▶ **Prompt**
Within the listing below, give again exactly the lines between the one containing "актуализировать чувство сопричастности" and the one containing "砥部焼/くらわんか茶碗/菊文/皐月窯", inclusive, pictures left aside.

---------- Provided records ----------

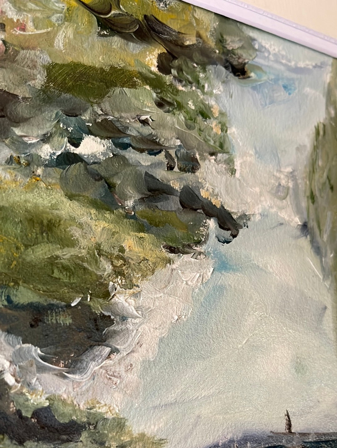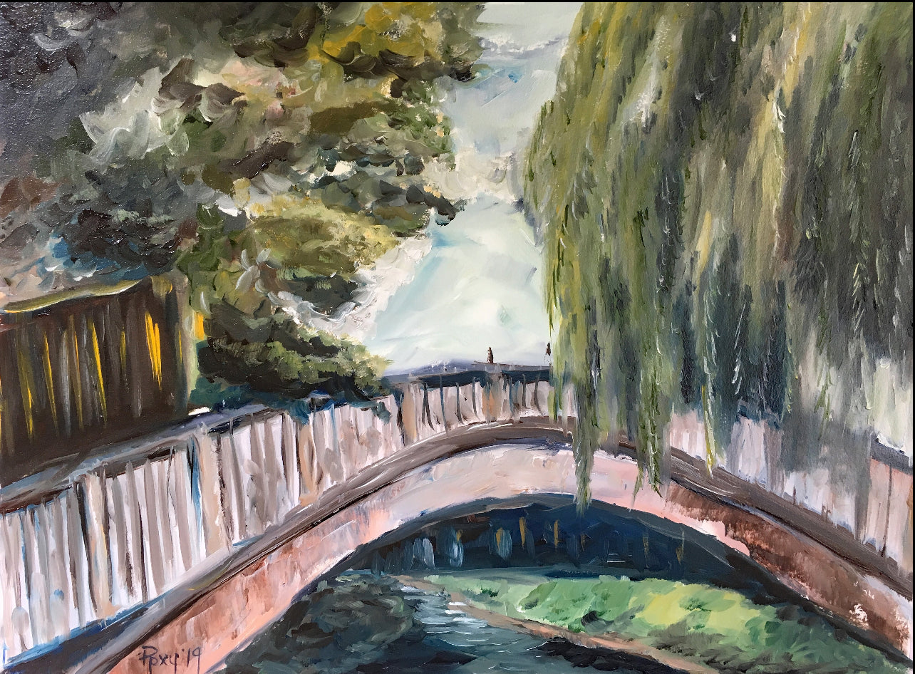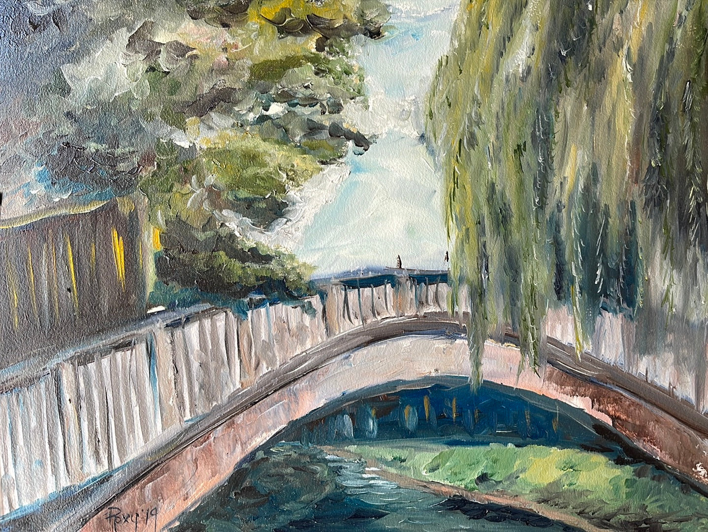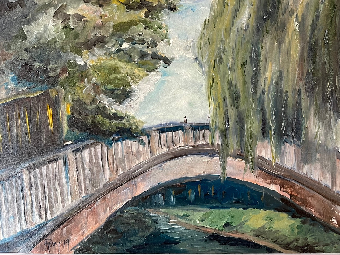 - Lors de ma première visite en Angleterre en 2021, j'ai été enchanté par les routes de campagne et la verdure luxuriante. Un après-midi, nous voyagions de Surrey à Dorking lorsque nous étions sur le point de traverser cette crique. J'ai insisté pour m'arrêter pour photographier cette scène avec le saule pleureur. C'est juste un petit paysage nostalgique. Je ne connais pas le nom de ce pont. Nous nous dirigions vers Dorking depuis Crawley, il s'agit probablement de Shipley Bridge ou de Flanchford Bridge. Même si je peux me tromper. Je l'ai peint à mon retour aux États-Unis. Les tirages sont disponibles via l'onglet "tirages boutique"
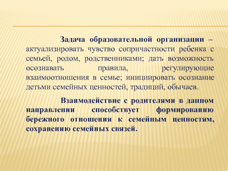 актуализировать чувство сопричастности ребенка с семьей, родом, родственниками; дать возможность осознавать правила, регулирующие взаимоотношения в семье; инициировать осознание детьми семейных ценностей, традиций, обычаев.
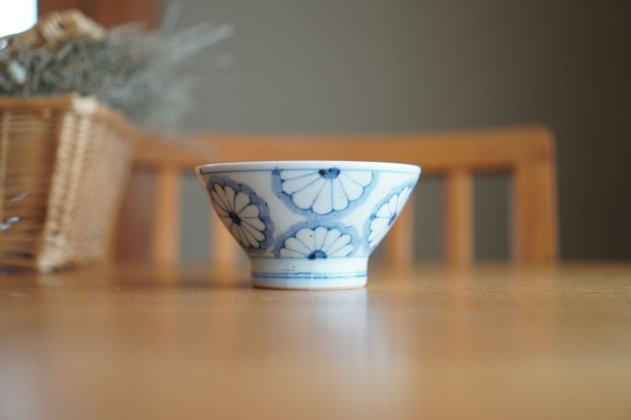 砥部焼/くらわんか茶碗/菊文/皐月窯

----------
---------- Provided records ----------

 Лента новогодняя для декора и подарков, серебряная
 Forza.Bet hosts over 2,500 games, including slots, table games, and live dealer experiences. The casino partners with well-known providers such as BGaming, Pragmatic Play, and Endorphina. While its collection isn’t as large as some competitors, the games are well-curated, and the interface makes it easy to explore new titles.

----------

▶ **Solution**
 актуализировать чувство сопричастности ребенка с семьей, родом, родственниками; дать возможность осознавать правила, регулирующие взаимоотношения в семье; инициировать осознание детьми семейных ценностей, традиций, обычаев.
 砥部焼/くらわんか茶碗/菊文/皐月窯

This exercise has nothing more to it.